The court granted defendant Albert Taft's motion for summary judgment as to his personal liability. Taft's uncontroverted affidavit stated that, on the date of the accident, he had only a security interest in some of the Squire Pub's assets. He further averred that he did not become one of the pub's operating receivers until 1978. MCL 436.22(5); MSA 18.993(5) establishes a dramshop action "against the person who by the selling, giving, or furnishing the liquor has caused or contributed to the intoxication of the person who has caused or contributed to the injury". This language does not include one who merely holds a security interest in the establishment. Liability under the dramshop act is limited to persons within the class of liquor traffickers specifically delineated in the provisions of the dramshop act. Guitar v Bieniek, 402 Mich 152, 166; 262 NW2d 9 (1978). Because plaintiff presented nothing that would create a genuine issue of material fact as to the averments in Albert Taft's affidavit, the trial court properly granted summary judgment in favor of defendant Albert Taft.

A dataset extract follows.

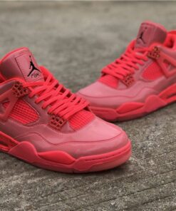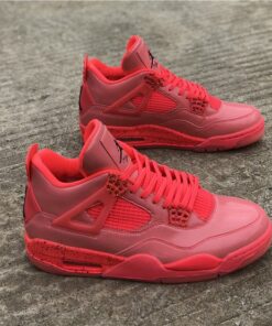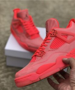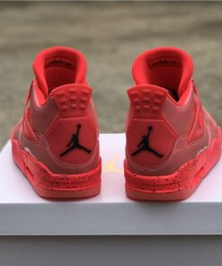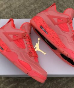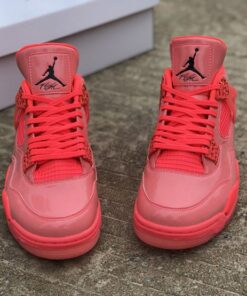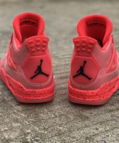 Dressed in a Hot Punch, Black, and Volt color scheme. This Air Jordan 4 features a Pink patent leather upper contrasting with Black detailing throughout. Volt hints atop a speckled midsole and translucent outsole completes the design.

Plaintiff finally argues that the trial court erred by denying his motion to amend his complaint pursuant to GCR 1963, 117.3. Plaintiff's proposed amendment would have charged Albert Taft with liability in his official capacity as co-receiver of the Squire Pub as opposed to liability in his personal capacity as owner and operator. The trial court apparently ignored plaintiff's motion to amend, thus implicitly denying it. GCR 1963, 118.1 provides that leave to amend shall be freely given when justice so requires. The trial court's failure to set forth specific findings as to why justice *324 would not be served by a requested amendment constitutes reversible error. Hanon v Barber, 99 Mich App 851, 857; 298 NW2d 866 (1980). In such a case, this Court may grant the motion pursuant to GCR 1963, 820.1(7). Goldstein v Kern, 82 Mich App 723, 727; 267 NW2d 165 (1978).

Nevertheless, we decline to reverse on these grounds. The trial court does not abuse its discretion in refusing to permit an amendment when the amendment would be futile. Ben P Fyke & Sons v Gunter Co, 390 Mich 649, 656; 213 NW2d 134 (1973), citing Foman v Davis, 371 US 178, 182; 83 S Ct 227; 9 L Ed 2d 222 (1962). In the instant case, plaintiff's proposed amendment would have asserted liability against Albert Taft in his official capacity as co-receiver of the Squire Pub. We have already noted that there is no authority which permits a dramshop action to be brought against one who did not sell, give, or furnish the intoxicating liquor to the alleged intoxicated person who caused the injury. Plaintiff once again apparently erroneously assumes that liability for his injuries attaches to the bar; however, as we have previously stated, the dramshop act attaches personal liability to the person who sold, gave or furnished the intoxicating liquor and his or her surety. See Guitar, supra; Browder v International Fidelity Ins Co, 413 Mich 603, 612-613; 321 NW2d 668 (1982).

Affirmed.

NOTES

[*] Circuit judge, sitting on the Court of Appeals by assignment.